Did you guys have any grappling in EPAK? In my system, we had EPAK purple belt techniques for 1st degree blue, EPAK blue belt techs for 2nd degree, and grappling for 3rd. then it picked up with EPAK green techs for green again and so on.


----------



## Danjo (Feb 16, 2005)

Same for us in Shaolin Kempo: 3rd degree, then 2nd, then 1st, then Shodan etc. It confused me too when I began because they seemed to use the terms degree for what  in Shotokan we used kyu. Dan= degree and kyu = grade. So in Judo and Shotokan the English is 3rd grade (kyu) Brown, etc. You'rew not a "degree" until black belt. Oh well.


----------



## shane23ss (Feb 16, 2005)

Danjo said:
			
		

> Same for us in Shaolin Kempo: 3rd degree, then 2nd, then 1st, then Shodan etc. It confused me too when I began because they seemed to use the terms degree for what in Shotokan we used kyu. Dan= degree and kyu = grade. So in Judo and Shotokan the English is 3rd grade (kyu) Brown, etc. You'rew not a "degree" until black belt. Oh well.
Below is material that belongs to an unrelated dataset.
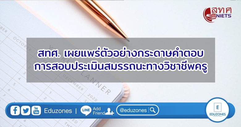 EZ Webmaster February 15, 2021 ด่วน! สทศ. เผยแพร่ตัวอย่างกระดาษคำตอบการสอบประเมินสมรรถนะทางวิชาชีพครู EZ Webmaster February 15, 2021 สทศ. เผยแพร่ตัวอย่างกระดาษคำตอบการสอบประเมินสมรรถนะทางวิชาชีพครู การทดสอบและประเมินสมรรถนะทางวิชาชีพครู ด้านความรู้และประสบการณ์วิชาชีพ ตามมาตรฐานวิชาชีพครู โดยสามารถดาวน์โหลดได้ที่ : https://www.niets.or.th/th/catalog/view/3985 กำหนดการทดสอบและประเมินสมรรถนะวิชาชีพครู ที่มา : สทศ. https://www.niets.or.th/th/catalog/view/3985 Continue Reading

Yeah, it was confussing to me when talking to EPAK guys. They were talking about 1st degree brown and so on. I knew EPAK had degrees/kyu to the brown but didnt realize that 1st was higher than 3rd. Anyone know why that is?


----------



## Bill Lear (Feb 16, 2005)

Third Degree Brown Belt = 1 black stripe

Second Degree Brown Belt = 2 black stripes

First Degree Brown Belt = 3 black stripes


----------



## shane23ss (Feb 16, 2005)

*Danjo*, I replied to your comment over on the "How close is the UFC to a real fight"


----------



## shane23ss (Feb 16, 2005)

At what level did you guys change from white gi to black?


----------



## Shodan (Feb 16, 2005)

Ours is the same as Bill Lear said for brown ranks.  We have the option of wearing black gis after Purple belt.

  :asian:  :karate:


----------



## Michael Billings (Feb 16, 2005)

See *HERE* for Belt Ranks in EPAK (as well as Tracy and others), on my website. 

 Grappling is fairly common in a lot of Kenpo schools.  Mr. Sepulveda's *AKTS *association has a lot of BJJ grapplers in it and it is frequently taught in schools, seminars and camps ... even if it is not part of the "required" curriculum.

 -Michael


----------



## Bill Lear (Feb 16, 2005)

shane23ss said:
			
		

> At what level did you guys change from white gi to black?



Third Degree Brown Belt


----------



## Danjo (Feb 16, 2005)

shane23ss said:
			
		

> At what level did you guys change from white gi to black?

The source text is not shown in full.